Q: Francis and Joan were sweethearts, but their parents had objected to their relationship because they were first cousins. They forged a pact in writing to commit suicide. The agreement was shoot each other in the head which they did. Joan died. Due to medical assistance, Francis survived. Is Francis criminally liable for the death of Joan? Explain (2008) A: Yes. Francis’ act of shooting Joan, although done pursuant to a solemn pact is nevertheless felonious and is the proximate cause of Joan’s death. Moreover, Francis is criminally liable for assisting in the suicide of Joan under Art. 253 of RPC, as evidenced by their written pact. Q: Dang was a beauty queen in a university. Job, a rich classmate, was so enamored with her that he persistently wooed and pursued her. Dang, being in love with another man, rejected him. This angered Job. Sometime in September 2003, while Dang and her sister Lyn were on their way home, Job and his minor friend Nonoy grabbed them and pushed them inside a white van. They brought them in an abandoned warehouse where they forced them to dance naked. Thereafter, they brought them to a hill in a nearby barangay where they took turns raping them.
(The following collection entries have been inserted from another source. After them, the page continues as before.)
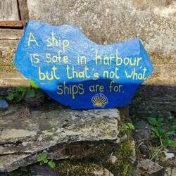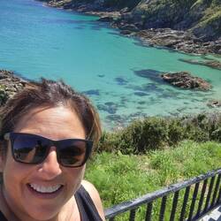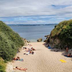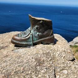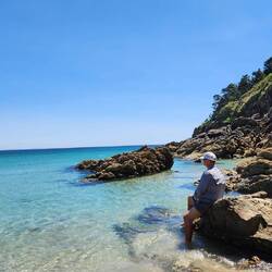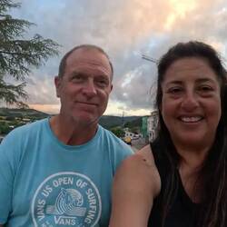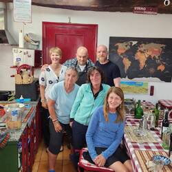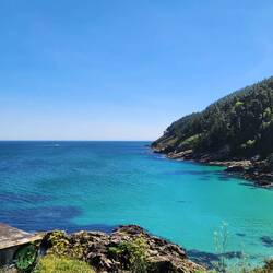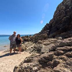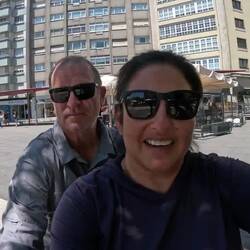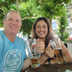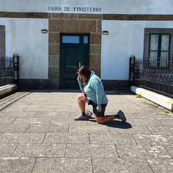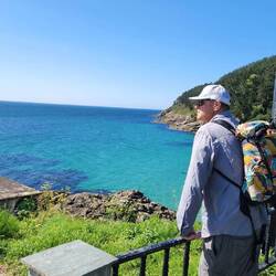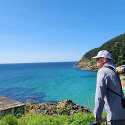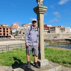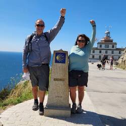 The end of the world is what Finisterra stands for. There is also a 0 marker here. What a beautiful coastline. We went into the water waste deep, and it's so much colder than our coast. It's very refreshing. Their waters are so clear and colorful with their sand just the perfect color. If you saw the movie The Way with Martin Sheen, this is where he comes to. It's a good movie if you haven't seen it yet. It's based on the Camino. It's always great to run into more trail family we had not seen in a long while, especially since we basically said so long to everyone the night before.Les mer
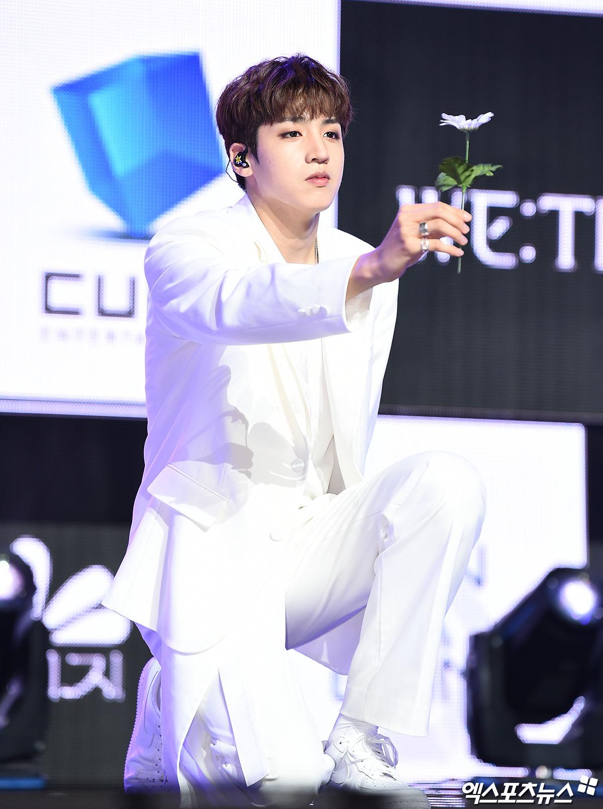 [엑스포츠뉴스 박지영 기자] 12일 오후 서울 한남동 블루스퀘어에서 그룹 펜타곤 미니 10집 앨범 'WE:TH(위드)' 발매 기념 쇼케이스가 열렸다. 이날 쇼케이스에 참석한 펜타곤 우석이 포토타임을 갖고 있다.
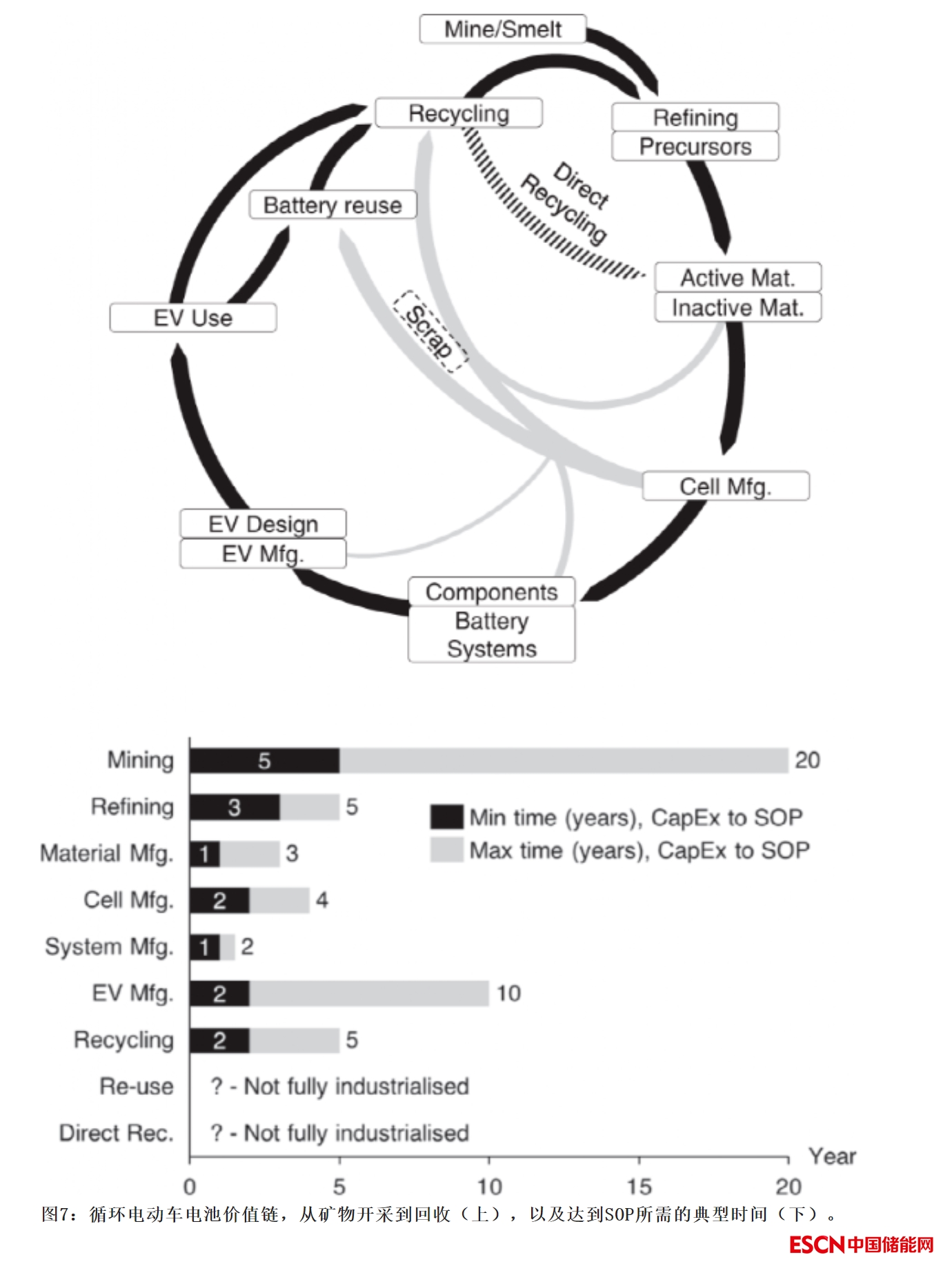 實驗室規(guī)模的材料開發(fā)和工程改進(jìn)可能是將新技術(shù)推向市場的主要障礙。雖然諸如將材料生產(chǎn)從克級擴展到噸級的挑戰(zhàn)已被充分理解,但其他問題往往被忽視,如復(fù)雜的價值鏈,需要幾十個供應(yīng)商來采購所有的材料和部件(見圖7,頂部)。建設(shè)一個制造工廠,從資本支出(CapEx)到SOP(圖7,下),可能需要幾年的時間來調(diào)試,而所需時間取決于所生產(chǎn)的產(chǎn)品。一個生產(chǎn)層狀氧化物正極活性材料的化工廠將與生產(chǎn)電池片的工廠截然不同,后者需要精密的制造和高度的自動化才能具有成本競爭力。在這里,我們用一系列的例子來說明供應(yīng)鏈的考慮和不良的成本假設(shè)是如何使技術(shù)發(fā)展脫軌的。

After satisfying their lust, Job ordered Nonoy to push Dang down a ravine, resulting in her death. Lyn ran away but Job and Nonoy chased her and pushed her inside the van. Then the duo drove away. Lyn was never seen again. What crime or crimes were committed by Job and Nonoy? (2006, 1998) A: Job and Nonoy each committed 2 counts of the special complex crime of rape with homicide under Art. 266-B for the rapes respectively committed on Dang and Lyn. Their felonious acts grabbing and pushing the victims inside their van and later forcing them to dance naked may only be appreciated as part of the violence and lewd desires attending the rape, and are therefore absorbed by the rape. Although there is no indication that the same culprits killed Lyn who was never seen again, it is reasonable to assume from what the culprits did to Dang, and from the acts of violence they employed on Lyn, that they are answerable also for the presumed death of Lyn whom the culprits took with them by force and was never seen again. Hence, the rape committed against her is attended by homicide giving rise to the special complex crime of rape with homicide. It would be different if Lyn was not subjected to physical violence.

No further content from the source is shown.